Announcement: End of general availability of ESXi (free tier). Feb 13, 2024
Solution: move on.
The alternative:
Libvirt is a control software which also supports Linux KVM guests (based on qemu). – A simple hypervisor (KVM) with simple tooling (qemu etc.). Many opportunities.
To name a few:
Windows 11 remote clients (TPM 2.0)
Ubuntu 22 LTS Server for self-hosting
Terabytes of Cloud Storage, managed via Shared Folders (Virtio)
And no: I wouldn’t run a data-center with this. Maybe with oVirt, but not with plain Libvirt Linux KVM.
And yes: you can run any system you want if it’s supported. But I have not tested that.
The setup in the following:
It’s a single-host setup. This is for small-scale scenarios.
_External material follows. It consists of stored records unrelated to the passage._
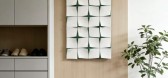 ...手,清爽中带着点活泼。住在这个公寓里的人,想必有颗温柔的心。柜子旁边的墙壁上安装了一组可调整的柜子,地板是人字形的镶嵌木条,让整体环境处于一种温和居家的气氛中。
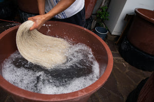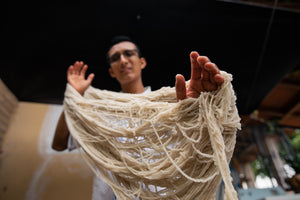 Puisqu'ils reçoivent la laine vierge fraîchement tondue des moutons, qu'ils cardent et filent, avec un vieux rouet en bois, créant des écheveaux qu'ils lavent, puis les teignent avec des colorants naturels, qu'ils collectent eux-mêmes dans la nature.
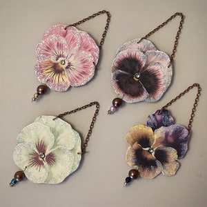 Vintage inspired pansy ornaments/ Antique style flower ornaments/ Botanical ornaments
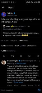 Like he was out for his fellow music stars, the ‘Ojuelegba’ hit singer responded at 6:03 with an innuendo describing Don Jazzy as an influencer. He wrote, “Lol, never chatting to anyone signed to an influencer. Next.”
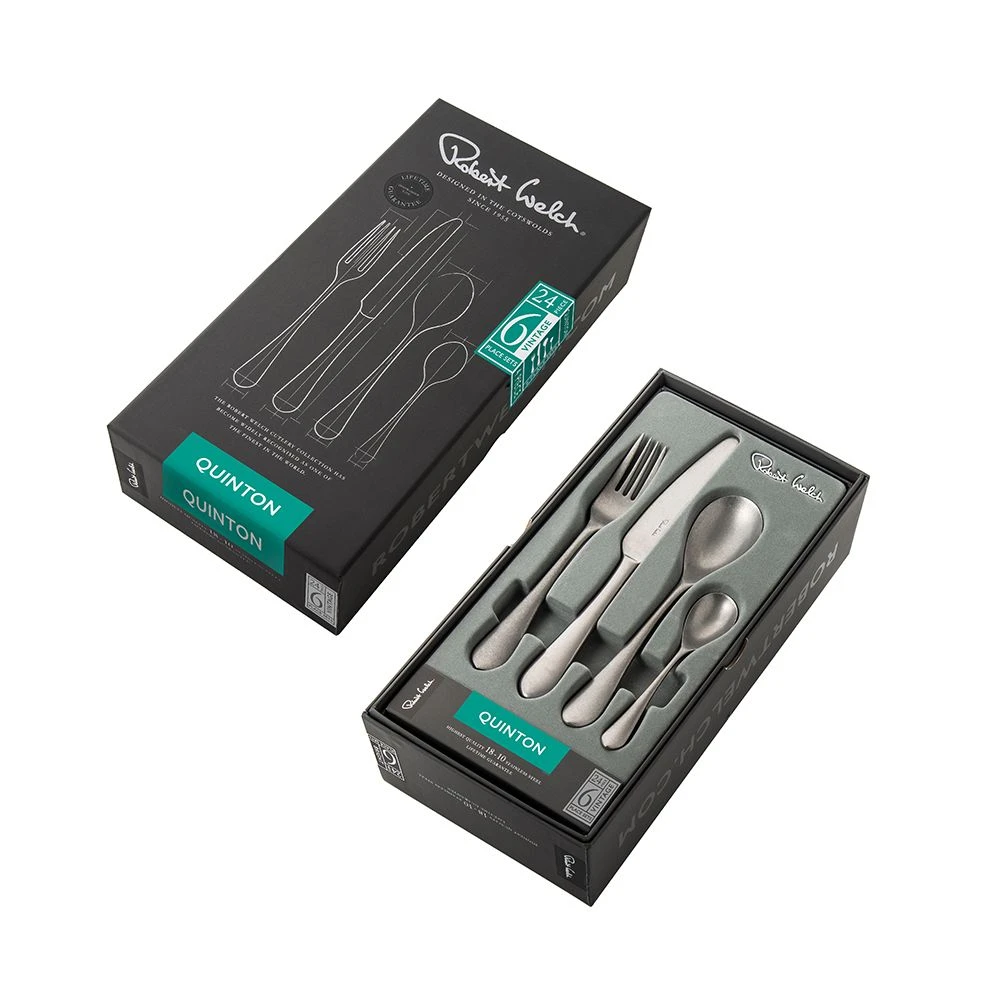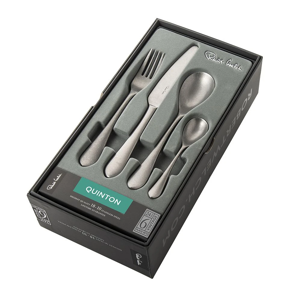 A 24 piece, gift boxed cutlery set from the curvaceous Quinton Vintage cutlery range, which consists of 6 table settings. Made from the finest 18/10 stainless steel with a full-vintage finish. Quinton vintage has a lifetime guarantee and is dishwasher safe.

1 Gpbs, no LACP, no nothing
RAID 1, no HBA, no nothing
no vLANs, no vSwitch, no nothing
…
you get the point: small-scale
no VM at-rest encryption (on Hypervisor-management level because libvirt has a useless secrets handling process)
you can use luks in qcow2 images, but you need to store the key in cleartext
of course you can use Full-Disk Encryption on the guests
ToC
- 1 Compartmentalize the HW host into many virtual guests
- 1.1 Dedicated Server
- 2 Headless setup (remote): libvirt daemon
- 2.1 Dedicated server: KSM (Kernel Same-page Merging)
- 2.2 tuned - the right settings for the kernel, at the right time
- 2.3 Debian 12 has Transparent Huge Pages support
- 2.4 Firewall - iptables for IPv4 and IPv6
- 2.5 Guest IP enumeration
- 2.5.1 Dnsmasq leases
- 2.5.2 Bash and virsh
- 2.6 How to NAT out a KVM guest via iptables
- 2.7 Using vhost-net and bbr with KVM qemu guests for better speeds (1 Gbps)
- 3 Windows 11 guests, and Ubuntu Server
- 4 Summary
Compartmentalize the HW host into many virtual guests
In the following, I will only write about the interesting stuff.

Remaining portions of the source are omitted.